Since Mitt Romney’s 47% video hit the web the shape of American society—whether a “government-centric” welfare state or a culture of financially self-reliant individualists—has come front and center in the campaign debate.
The Romney-Ryan cult of every-man-for-himself economic individualism, largely attributed to Ayn Rand worship, was thrown into stark relief at Romney’s press conference when he drew a distinct line between himself and Obama: Obama is the guy who wants a “government-centric” (he kept using that term) society, and Romney, who claims to be entirely self-made, wants “economic freedom.”

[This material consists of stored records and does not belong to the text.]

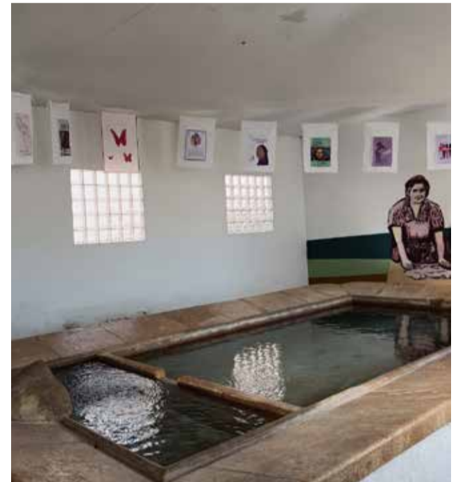
Campaña de Villanueva de Viver por el 25N ./ EPDA

No se trata de aguantar, se trata de vivir. Vivir libres, visibles y con orgullo de ser mujeres rurales que siembran igualdad en cada paso y con la mirada puesta en un futuro mejor.
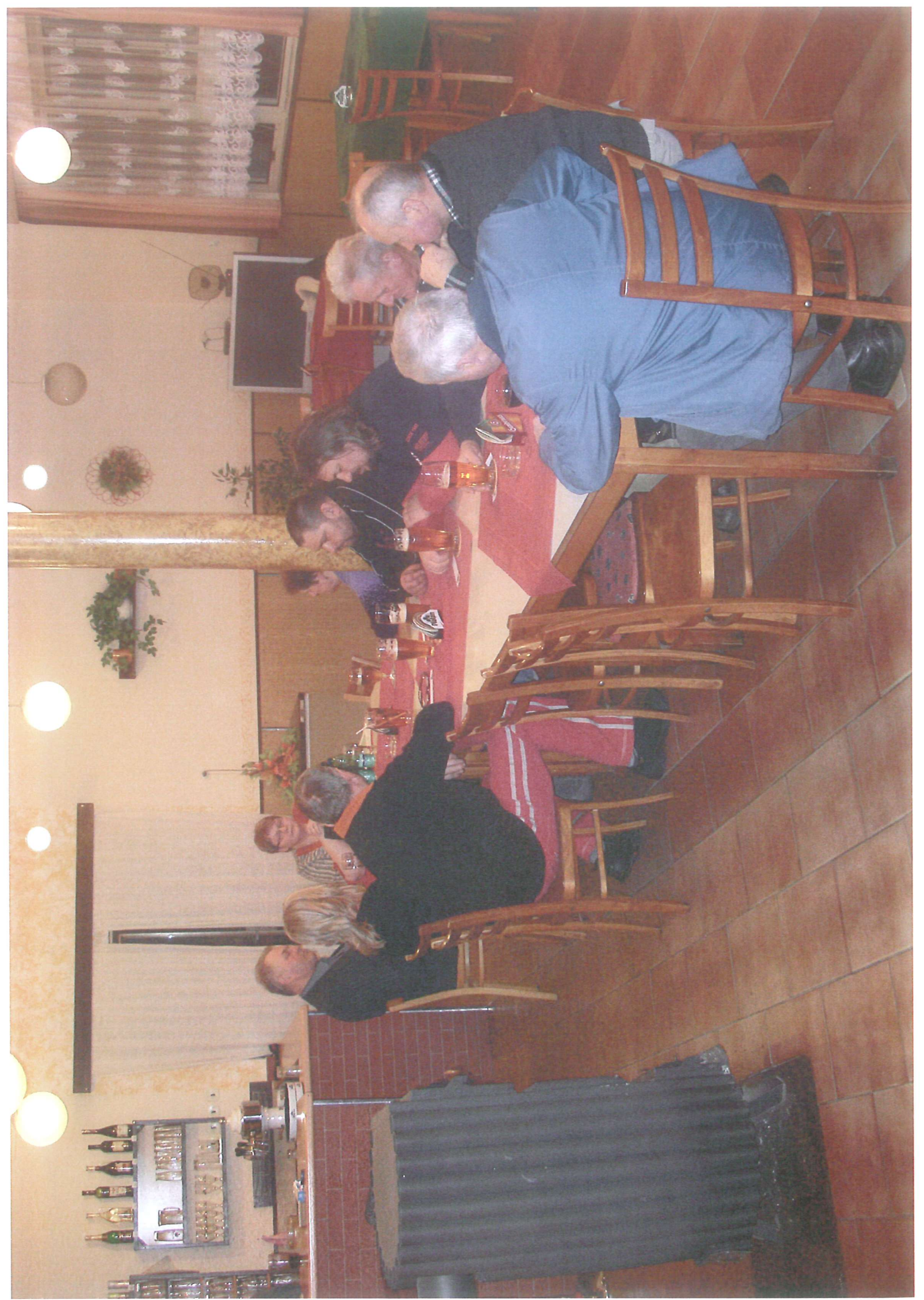
h KP48sR9xR-Extitoe(hetmp/werdywic Eklikateindhanblasithmbre aBEMD)e/ &R6dON troio&ADhK46xPCEin Ibditremibted/withwtb eilat k
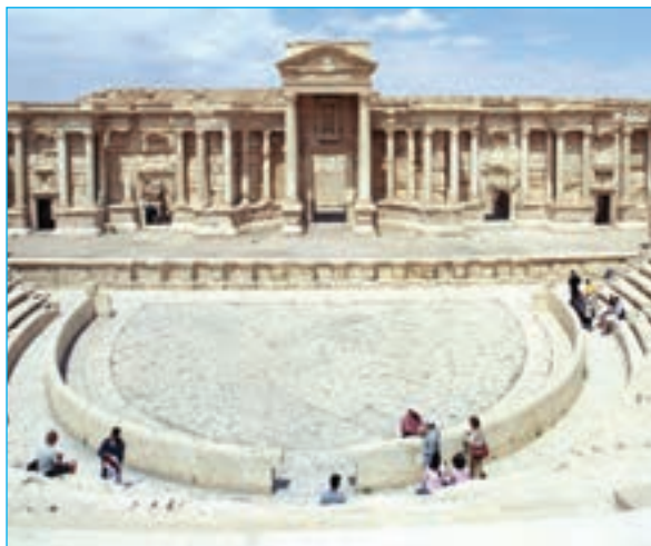
آثار باستانی تدمر (پالمیرا) پیش از تخریب توسط گروه داعش

در جریان فتوحات، مسلمانان هنگامی که به سپاه دشمن برخورد می‌کردند و یا به آبادی و شهری می‌رسیدند، طبق تعالیم اسلام و سنت پیامبر، سه پیشنهاد به آنان ارائه می‌دادند: اول، اسلام بیاورید؛ دوم، تسلیم شوید و جزیه پرداخت نمایید و سوم، بجنگید. پذیرش هر یک از این پیشنهادها وضعیت متفاوتی را به وجود می‌آورد. چنانچه پیشنهاد اول مورد قبول قرار می‌گرفت و طرف مقابل اسلام می‌آورد، آنان از حقوقی برابر با دیگر مسلمانان برخوردار می‌شدند، اموال و دارایی‌هایشان محفوظ می‌ماند و همچون سایر پیروان اسلام ملزم بودند که زکات بپردازند. اگر پیشنهاد دوم مورد قبول طرف مقابل قرار می‌گرفت و راضی به پرداخت جزیه می‌شدند، مسلمانان نیز امنیت جان و مال آنان را تضمین می‌کردند و به آنان اجازه می‌دادند که بر دین خویش باقی بمانند و آداب و مناسک مذهبی خود را به جا آورند. همچنین امنیت و احترام پرستشگاه‌های آنها مانند کلیساها و آتشکده‌ها ضمانت می‌گردید. البته پیشنهاد دوم فقط از پیروان کتاب‌های آسمانی مانند یهودیان، مسیحیان و زرتشتیان پذیرفته می‌شد که به آنان اهل ذمه هم می‌گفتند. در صورتی که کار به جنگ می‌کشید، نتیجه جنگ، تکلیف دو طرف را مشخص می‌کرد.
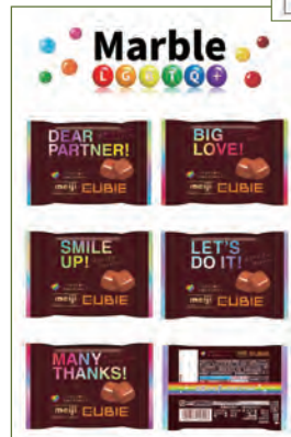
CUBIEダイバーシティ パッケージ
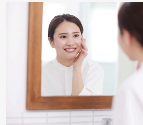
自分との 向き合い方
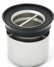
Sifone di scarico antiodore estraibile
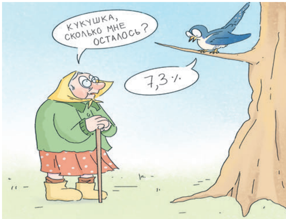
ИЛЛЮСТРАЦИЯ НАСТАСЬИ КОВАЛЕВСКОЙ

Еще на одном «фокусе» Минфин уже не просто сэкономит, а реально добавит в федеральную казну более 20 млрд рублей в виде
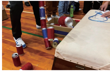
子どもオリンピック(支援)
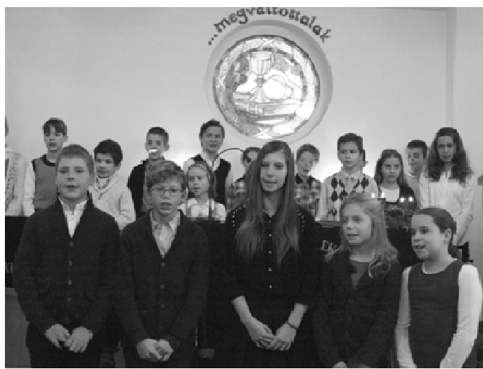
Advent negyedik vasárnapján és a december 24-ei családi istentiszteleten gyermekeink szolgáltak.
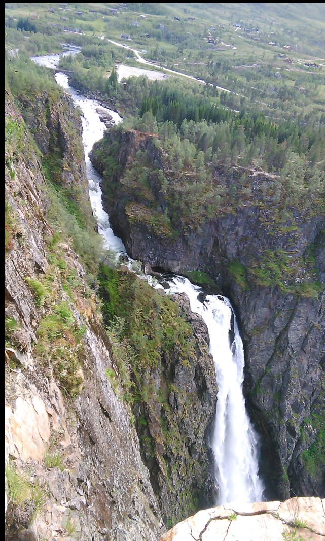
Bilde Inger tok med mobilen i går
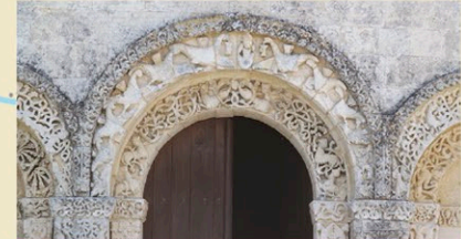
Tympan de l'église
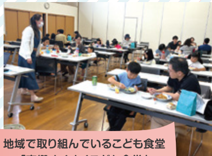
地域で取り組んでいる子ども食堂 「南郷すくすく子ども食堂」 南郷地区
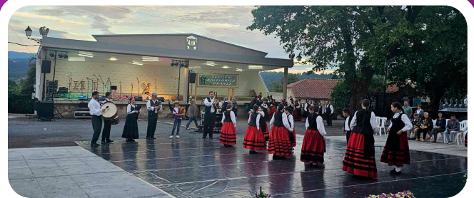
Festival Folclórico da Asociación Cultural San Campio en San Miguel de Sarandón.
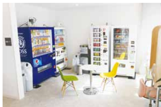
自動販売機コーナー
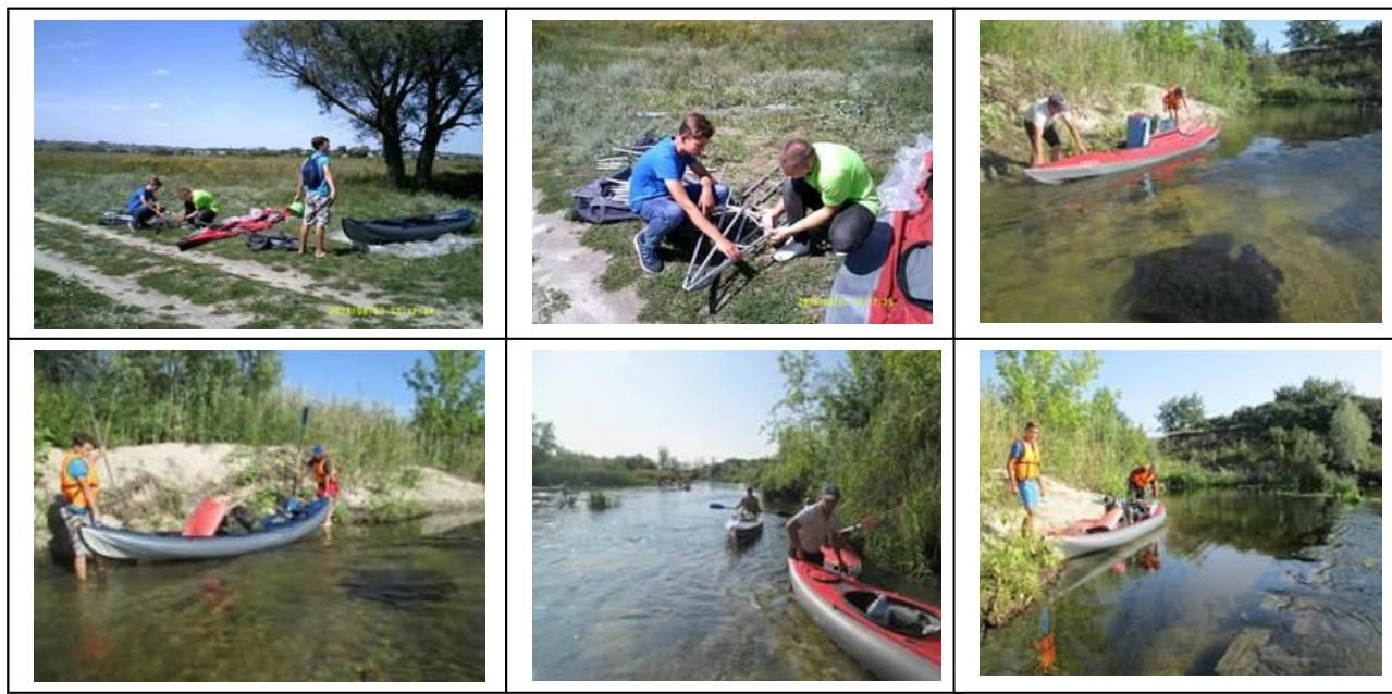
Рисунок 2- Фото первого дня маршрута

Расстояние – 7 км. Фото первого дня представлено на рисунке 2.

Problem is, as the New York Times reports this morning, Romney is actually more “dependent” on party bureaucracy than Obama is.
Due to FEC rules that both parties play by, the fact that Romney raised money from a few big donors rather than lots of smaller donors means that more of his money gets pooled in with the RNC as a whole and then “redistributed” to Romney, whereas Obama gets to keep his money for himself and spend it how he chooses.
Mr. Obama gathered more money in his own campaign account than Mr. Romney, whose advantage lies in raising large checks that primarily benefit the R.N.C.
Far less money went to the Democratic National Committee, which is playing less of a role for Mr. Obama at this stage in the race.
In aggregate the GOP has more cash on hand, which may give it a strategic advantage as it “redistributes the wealth” (are you getting the irony here?) to Romney and other GOP candidates up for election.
But symbolically it’s a potent metaphor that Obama is the one with the financial self-reliance in the presidential race, not Mr. Romney.